## Information provided

__________

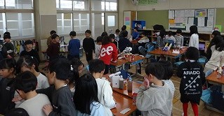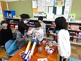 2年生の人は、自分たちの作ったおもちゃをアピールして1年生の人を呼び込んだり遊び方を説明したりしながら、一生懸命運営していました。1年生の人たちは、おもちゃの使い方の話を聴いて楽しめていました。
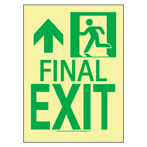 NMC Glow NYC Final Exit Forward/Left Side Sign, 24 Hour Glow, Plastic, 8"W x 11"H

__________

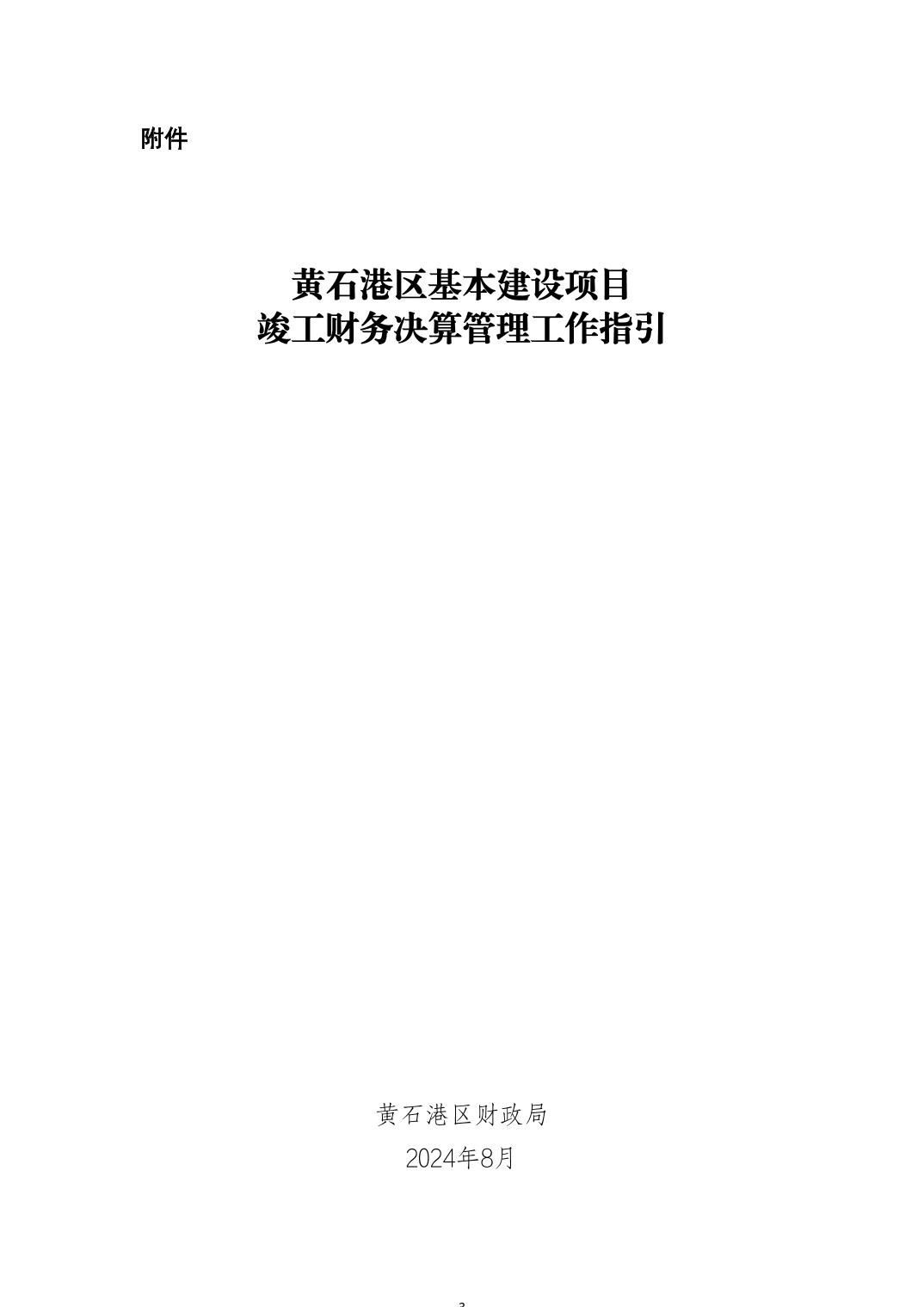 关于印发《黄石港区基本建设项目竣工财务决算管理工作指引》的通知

__________

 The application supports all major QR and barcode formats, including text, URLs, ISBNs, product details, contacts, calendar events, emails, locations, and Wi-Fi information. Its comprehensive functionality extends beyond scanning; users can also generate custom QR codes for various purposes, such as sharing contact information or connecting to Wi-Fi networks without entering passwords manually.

__________

## Aim of the task
From the records above, copy only the lines running from the line holding "2年生の人は、自分たちの作っ" through the line holding "NMC Glow NYC", with no pictures.

## The answer
 2年生の人は、自分たちの作ったおもちゃをアピールして1年生の人を呼び込んだり遊び方を説明したりしながら、一生懸命運営していました。1年生の人たちは、おもちゃの使い方の話を聴いて楽しめていました。
 NMC Glow NYC Final Exit Forward/Left Side Sign, 24 Hour Glow, Plastic, 8"W x 11"H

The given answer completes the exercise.